先述した通りデビュー以来10連勝中の同馬だが、とくにここ6戦はいずれもGⅠを使いながらも連勝街道を突き進んでいる。また、デビューから9戦はムーランドロンシャン 賞(GⅠ)やサセックスS(GⅠ)等、いずれもマイル、もしくは1600メートル戦(英国では競馬場によりマイル戦は約1609メートル)だったが、前走では1マイル2ハロン56ヤードの英インターナショナルS(GⅠ)に出走。初めての距離でそれまで同様のパフォーマンスが出来るのかが注目されたがそんな心配は杞憂に終わる。ディフェンディングチャンピオンのミシュリフを相手に持ったまま並びに行くと、最後は6馬身半突き放して快勝してみせたのだ。
主戦騎手は語る
「レース前から自信はありましたよ」
デビュー当初を除く8戦でタッグを組み、6つのGⅠを含む重賞7勝を飾ってきたジム・クローリー騎手に、話を伺うと、そう答え、更に続けた。
「それまでとは違う戦場(距離)だった事もあり、余計なプレッシャーはかからなかったため、ナーバスにもなりませんでした」
負けても仕方なし、という気持ちもあったという事か。しかし、だからといって「自信がある」とはならないと思うのだが、その点を聞くと、更に答える。
「自信というか、希望ですかね。この距離でも彼はこんなに強いんだぞ!というのを皆に見てもらいたい。そんな希望に溢れていました」
結果は先述した通り圧勝するのだが、では主戦ジョッキーは彼のどこが良いと感じているのだろうか?
「フットワークの切れが素晴らしいです。ゴーサインを出すとギアチェンジをしてくれるのですが、その時のフィーリングは今まで感じた事のないモノ。バーイードでしか得られない感触です」
前走で約2000メートルの距離も克服したわけだが、凱旋門賞となると更に延びて2400メートルとなる。果たして鞍上は彼のベストディスタンスは何メートルだと感じているのだろう?

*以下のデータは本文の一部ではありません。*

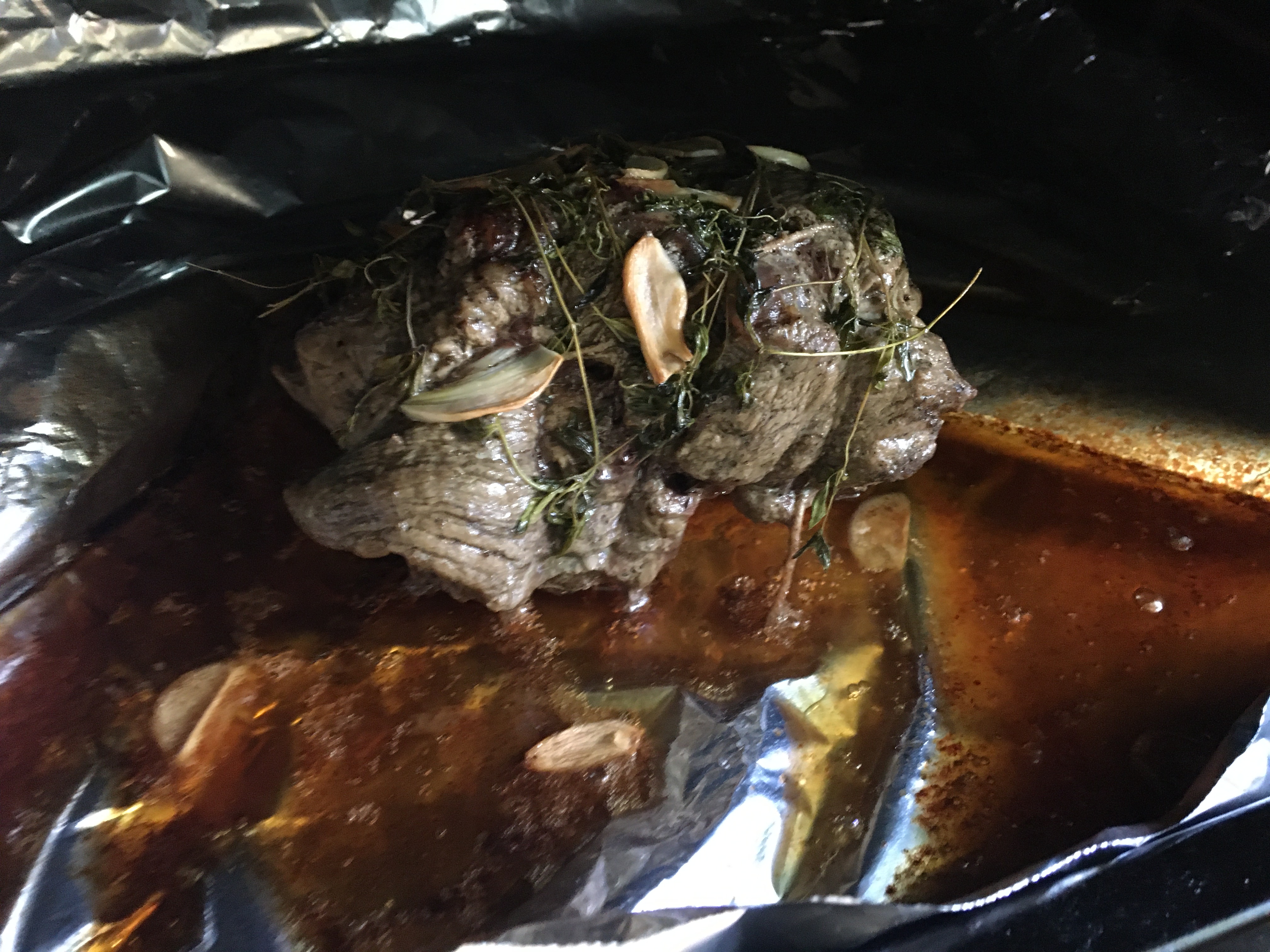 When the roast is done, leave to rest covered in the foil for 20 minutes.

「インターナショナルSを使う前までは1200メートルから1600メートルが良いと思っていました。でも前走の感触だと2400メートルでも全く問題なく走れそうです。ご覧いただいた通り、ギリギリ2000をこなしたというのではなく、終いの脚がしっかりしていて、ゴールラインを越えた後も止まりませんでしたから……」
つまり、クローリー自身に選択権があれば、迷わず凱旋門賞へ向かうという事か?
「幸か不幸か現在のところ凱旋門賞で他に乗る馬はいませんからね。行くと言われれば喜んで乗るし、意見を求められれば『大丈夫だと思います』と答えます」
日本馬についてはどう考えているのか?
では、彼自身にとって凱旋門賞とはどんな意味を持つレースなのだろうか?
「最も重要なレースと言っても過言ではありません。私は過去にユリシーズで3着(2017年)したけど、まだ勝っていません。世界中の他のジョッキーと同じように、私にとってもとても勝ちたいレースです」
そんな世界中のジョッキーが戴冠を願うレースに、今年も4頭の日本馬が挑戦する事については次のように語る。

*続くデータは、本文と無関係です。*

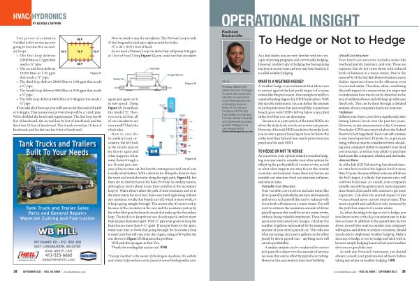 a tee , it has to come out , but how the water goes in and out of a tee is really what matters . With a diverter tee fitting the diverter does the work and sends the water along the right path , Figure 14 , but there are no diverter tees in the basic Primary-Secondary system , although as you ’ re about to see they could be in the secondary loop ( s ). Water always takes the path of least resistance and so as the water enters the tee it ‘ sees ’ that it can travel right along without any resistance or take that branch cut-off , which is more work , so it keeps going straight through . The reason why it ’ s more work is because of the circulator in the way and the resistance put up by the other fittings in the branch circuit that make up the Secondary loop . The trick is to keep those tees closely spaced and no more than six pipe diameters apart . With ¾ ” pipe your goal is to keep the branches no more than 4-½ ” apart . If you put them too far apart , water may start to think that going through the Secondary loop is easier and that will ruin your day . Again , using a fitting like the one shown in Figure 15 eliminates the problem . We ’ ll pick this up again in Part Two . Thanks for reading this and see ya ! l FON

「毎年、日本馬が挑戦しているのは知っているし、その姿勢を尊敬しています。また、今春もサウジアラビアやドバイで活躍していたように、日本馬のレベルの高さも分かっています。だから、サセックスSでも(バスラットレオンに)注意を払っていました」
となれば当然、凱旋門賞でも軽視は出来ないと続ける。
「まだ自分(バーイード)が凱旋門賞に出るか分かりませんが、出走となれば、日本馬は脅威の存在です」
今年は10月2日に行われる凱旋門賞までついに1ヶ月を切った。バーイードと日本馬の激突が見られるのか。ジム・クローリーを脅かす日本馬が出て来る事を願おう。